В книге рассказывается история главного героя, который сталкивается с различными проблемами и препятствиями на протяжении всего своего путешествия. По пути он встречает множество второстепенных персонажей, которые играют важные роли в истории. Благодаря опыту главного героя книга исследует такие темы, как любовь, потеря, надежда и стойкость. По мере того, как главный герой преодолевает свои трудности, он усваивает ценные уроки жизни и растет как личность.
В обзоре „Современные записки“ Николай Андреев писал: «Лишь относительно удачно „Счастье“ Гайто Газданова. Прекрасно начатый, отличный во многих своих частях, обнаруживающий глубину и силу авторского дыхания, как всегда у Газданова, полный психологического своеобразия, рассказ этот оказался растянутым, лишенным единства, перегруженным проблематикой, риторикой. Газданов отказался на этот раз от непрерывного повествования, столь удающейся ему плавной неторопливости рассказа. Он, однако, не перешел и к какой-либо конструктивности.

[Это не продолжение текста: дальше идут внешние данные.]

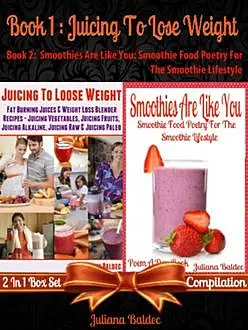 This is a 2 In 1 box set compilation of 2 books. This compilation includes Juliana Baldec's 2 titles: Book 1: Juicing To Lose Weight Book 2: Smoothies Are Just Like You! Book 1: When Juliana got started with smoothies, she was able to shed 20 pounds during a period of 2 month. Since then she has been able to keep that weight off. Her secret: She turned these nutritious & satisfying drinks into a way of life. Combining smoothies, juices, her secret morning elixir (included) & a light meal plan has helped her not only lose 20 pounds within 60 days, but she was also been able to get rid of her nasty breathing & Asthma problems at the same time. People who have achieved similar results like Baldec by consuming smoothies, juices and an apple cider vinegar honey morning elixir in combination with a light daily meal plan all agree. This is the most natural way to nourish your body & brain while getting amazing results. Inside you will find the same recipes that helped Juliana achieve these results: * Green Beauty Juice * Citrus Immunity Booster * Everyday Go To Juice * Beet Strawberry Carrot Empowerer and many more… you can choose from 29 scrumptious tasting recipes! Book 2: “Smoothies Are Like You” is an extremely fun, quick & easy to read little rhyming book about the amazing Smoothie Lifestyle. It is for everyone no matter if you are looking for information about the Smoothie diet for beginners or if you are an advanced Smoothie consumer. This inspirational smoothie poem a day book will cheer you up and keep you motivated to stick to this happy & healthy smoothie lifestyle in a fun, inspirational and rhyming way! In the end you'll know exactly why Smoothies are like you! Live a happy & healthy lifestyle and double your life today…

Во второй том наиболее полного в настоящее время Собрания сочинений писателя Русского зарубежья Гайто Газданова (1903–1971), ныне уже признанного классика отечественной литературы, вошли роман «Ночные дороги», рассказы и документальная проза «На французской земле», о советских партизанских отрядах, действовавших на территории Франции совместно с Движением Сопротивления. Произведения написаны в 1929–1945 гг.http://ruslit.traumlibrary.net.
Соседка по пансиону в Каннах сидела всегда за отдельным столиком и была неизменно сосредоточена, даже мрачна. После утреннего кофе она уходила и возвращалась к вечеру.
Алексей Алексеевич Луговой (настоящая фамилия Тихонов; 1853–1914) — русский прозаик, драматург, поэт.Повесть «Девичье поле», 1909 г.
«Лейкин принадлежит к числу писателей, знакомство с которыми весьма полезно для лиц, желающих иметь правильное понятие о бытовой стороне русской жизни… Это материал, имеющий скорее этнографическую, нежели беллетристическую ценность…»М. Е. Салтыков-Щедрин.
«Сон – существо таинственное и внемерное, с длинным пятнистым хвостом и с мягкими белыми лапами. Он налег всей своей бестелесностью на Савельева и задушил его. И Савельеву было хорошо, пока он спал…».